::: PROVIDED INFORMATION :::

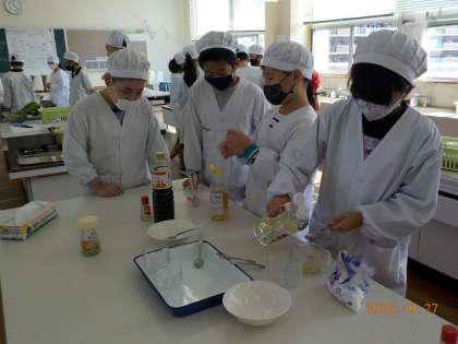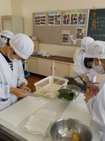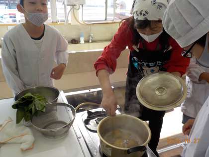 じゃがいも、青菜などの野菜をゆでる実習をしています。
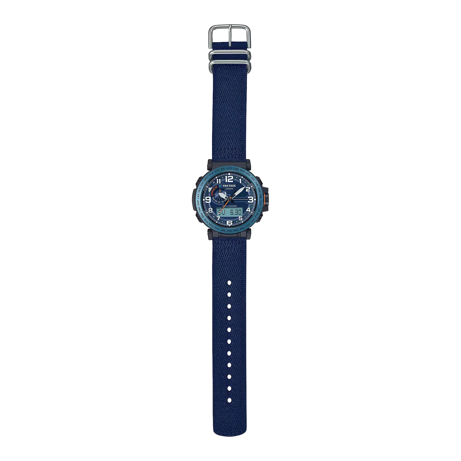 Embrace the spirit of adventure with the Casio Pro Trek PRG-601YB-2DR, a timepiece designed for outdoor enthusiasts and eco-conscious explorers. This analog-digital watch combines advanced Triple Sensor technology?digital compass, barometer/altimeter, and thermometer?with Tough Solar power, ensuring reliability in the most challenging environments. Crafted with sustainability in mind, it features a bio-based resin case and a durable cloth band made from recycled plastic bottles. The bold blue dial, accented with orange highlights, offers both style and readability, making it an ideal companion for both wilderness adventures and urban explorations.
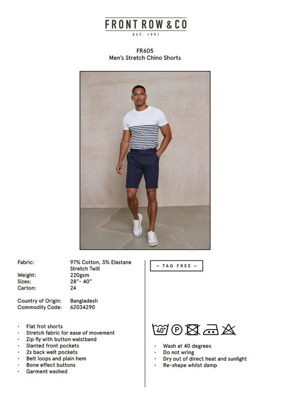 The epitome of smart casual, Front Row's lightweight stretch chino range is for teams, clubs and workplaces. For brands looking to put their names to quality garments. For those who work hard and play harder. These flat front chino shorts are made with quality cotton-rich stretch twill, and are garment washed for a comfortable finish. Constructed with a YKK zip fly and buttoned waistband. Tag free for easy rebranding. Great looking leisurewear. Thoughtfully created.Flat front chino short, tag free, stretch fabric for ease of movementSlanted front pockets, 2 back welt pockets, belt loops plain hemBSCI certified.Accreditations: Amfori BSCIAge Group: AdultFabric: 97% Cotton, 3% Elastane twillGender: MalePlus Size: YesProduct Type: ShortsSize Range: 28″ to 40″Sizing To Fit: 28″ 30″ 32″ 34″ 36″ 38″ 40″Tag: TaglessWashing Instructions: 40 synthetic. Wash Dark colours separately. Wash and dry Inside out. Use colour recommended detergent. Dry out of direct heat and sunlight. 2 dot Iron on reverse. Do not bleach, Do not tumble dry. P dry clean.Weight (GSM): 220gsm]]>
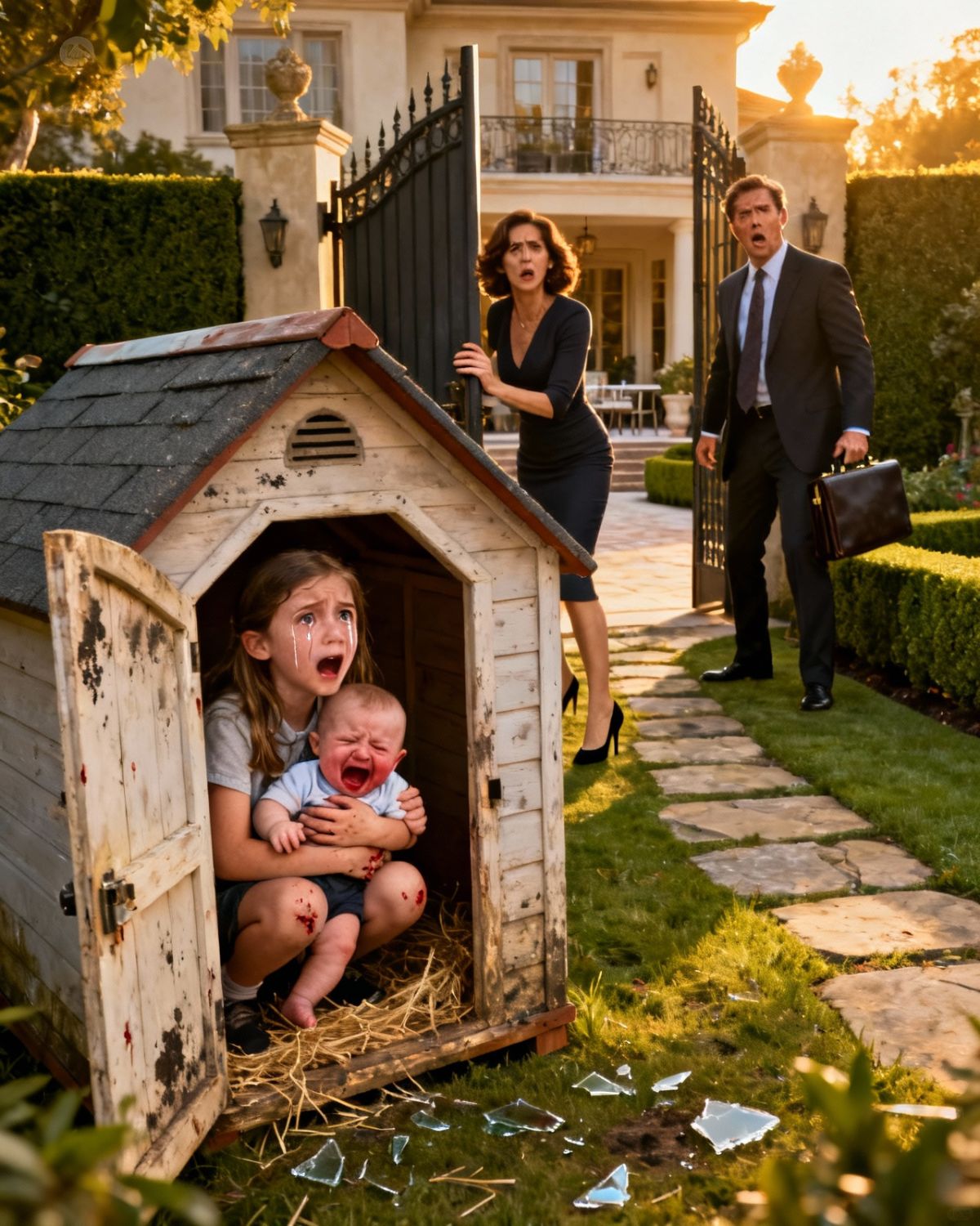 Sin darle tiempo a reaccionar, arrastró a ambos por el pasillo. Emma lloraba en silencio, protegiendo la cabeza de su hermano mientras caminaban hacia la puerta trasera. La noche era húmeda. El viejo cobertizo del perro, abandonado desde hacía años, se alzaba oscuro al fondo del jardín.
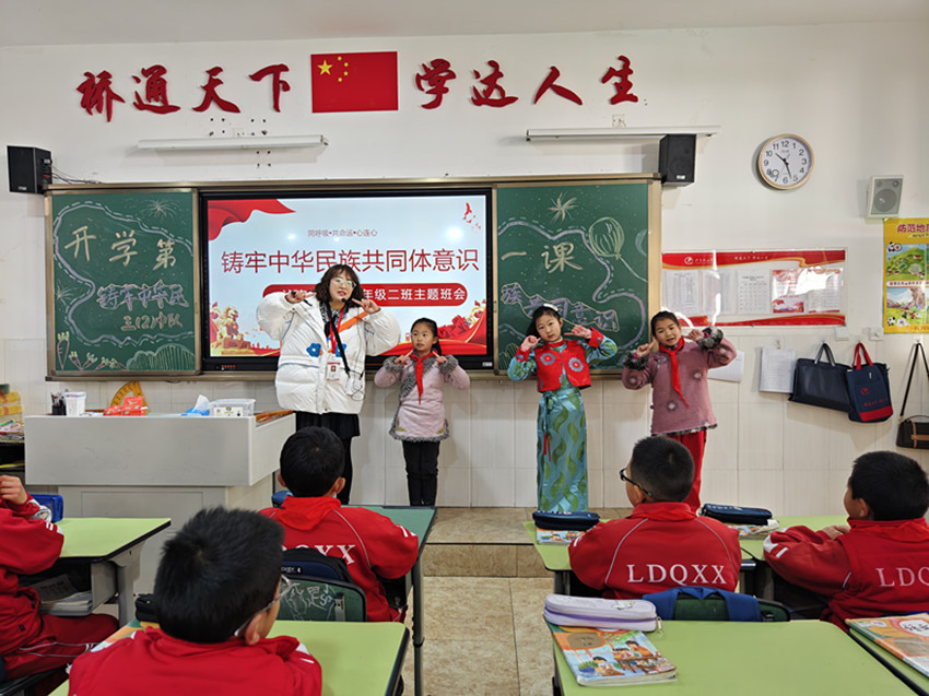 “同學(xué)們,新學(xué)期新起點(diǎn),沐浴著紅城綠谷春的氣息,我們定要同努力、共奮進(jìn),健康成長(zhǎng),揚(yáng)眉‘兔’氣!”典禮一結(jié)束,學(xué)生回到教室后,各班班主任便結(jié)合班級(jí)情況,開(kāi)展以“鑄牢中華民族共同體意識(shí)”為主題的“開(kāi)學(xué)第一課”班會(huì)活動(dòng)。

:::

* WHAT YOU WILL DO *
The answer must consist of the line containing "The epitome of" and every line after it through the end of the records, retyped exactly, with all pictures left out.

* ANSWER SPACE *
 The epitome of smart casual, Front Row's lightweight stretch chino range is for teams, clubs and workplaces. For brands looking to put their names to quality garments. For those who work hard and play harder. These flat front chino shorts are made with quality cotton-rich stretch twill, and are garment washed for a comfortable finish. Constructed with a YKK zip fly and buttoned waistband. Tag free for easy rebranding. Great looking leisurewear. Thoughtfully created.Flat front chino short, tag free, stretch fabric for ease of movementSlanted front pockets, 2 back welt pockets, belt loops plain hemBSCI certified.Accreditations: Amfori BSCIAge Group: AdultFabric: 97% Cotton, 3% Elastane twillGender: MalePlus Size: YesProduct Type: ShortsSize Range: 28″ to 40″Sizing To Fit: 28″ 30″ 32″ 34″ 36″ 38″ 40″Tag: TaglessWashing Instructions: 40 synthetic. Wash Dark colours separately. Wash and dry Inside out. Use colour recommended detergent. Dry out of direct heat and sunlight. 2 dot Iron on reverse. Do not bleach, Do not tumble dry. P dry clean.Weight (GSM): 220gsm]]>
 Sin darle tiempo a reaccionar, arrastró a ambos por el pasillo. Emma lloraba en silencio, protegiendo la cabeza de su hermano mientras caminaban hacia la puerta trasera. La noche era húmeda. El viejo cobertizo del perro, abandonado desde hacía años, se alzaba oscuro al fondo del jardín.
 “同學(xué)們,新學(xué)期新起點(diǎn),沐浴著紅城綠谷春的氣息,我們定要同努力、共奮進(jìn),健康成長(zhǎng),揚(yáng)眉‘兔’氣!”典禮一結(jié)束,學(xué)生回到教室后,各班班主任便結(jié)合班級(jí)情況,開(kāi)展以“鑄牢中華民族共同體意識(shí)”為主題的“開(kāi)學(xué)第一課”班會(huì)活動(dòng)。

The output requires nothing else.